К этому времени уже должны были начаться недолгие, но очень сильные дожди. Я решила не обращать внимания на плохой прогноз погоды и поехала вместе со Стенли в Меру. Мы добирались туда целый день. И хотя я знала, что после моего отъезда в январе лагерь предали огню, было нелегко выдержать, когда, уже вечером, мы подъехали к тому месту, где четыре с половиной года был мой дом, и увидели, что все уничтожено и только пепел остался на опустошенной земле. Стенли и Локаль от души радовались встрече, и я была им благодарна за то, что их веселая болтовня нарушила окружавшее нас печальное безмолвие.
Мы раскинули палатки, и мужчины пошли к себе, а я отправилась на могилу Пиппы. Это все, что осталось от нашего счастливого дома… На рассвете меня разбудило птичье щебетание. Здесь нас не разделяли стены, как в комфортабельном доме на озере Наиваша, и я чувствовала, что снова сливаюсь в единое целое с птицами, торжественно встречающими восходящее солнце.
Не успел Стенли принести мне утренний чай, как объявились все мои друзья: они тоже хотели получить свой обычный завтрак.
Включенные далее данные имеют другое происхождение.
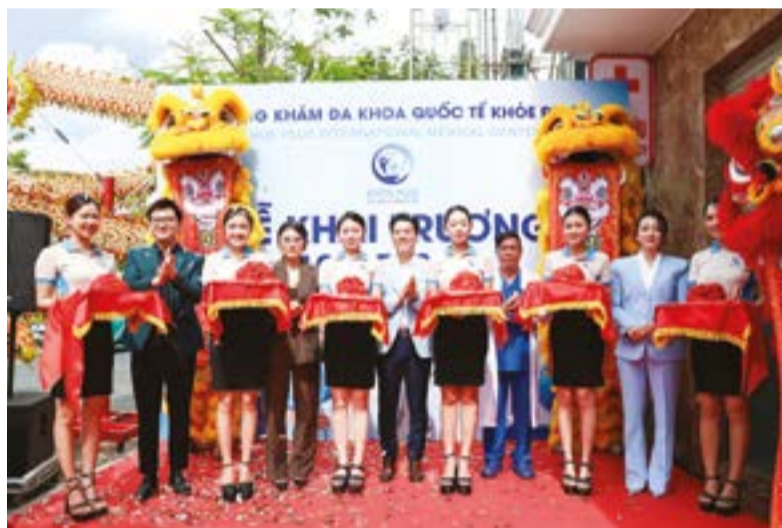
● Khai trương Khỏe Plus - Thêm lựa chọn chất lượng cao, hiện đại tại Khánh Hòa.

đối tượng yếu thế trước mắt, mà còn góp phần nâng cao ý thức chủ động phòng bệnh, chăm sóc sức khỏe cho cộng đồng.

Ткачики и голуби с нетерпением ждали проса; блестящие скворцы — шкурки от бекона; прилетел даже нелепый скворец-уродец — когда он был совсем еще маленький, его загнали на самое дно «иерархии клевания», зато теперь он влетел прямо в палатку и примостился у моих ног. Я захватила с собой достаточно припасов, так что птицам не пришлось разочароваться, хотя, по правде говоря, я не ожидала, что друзья встретят меня с прежним доверием.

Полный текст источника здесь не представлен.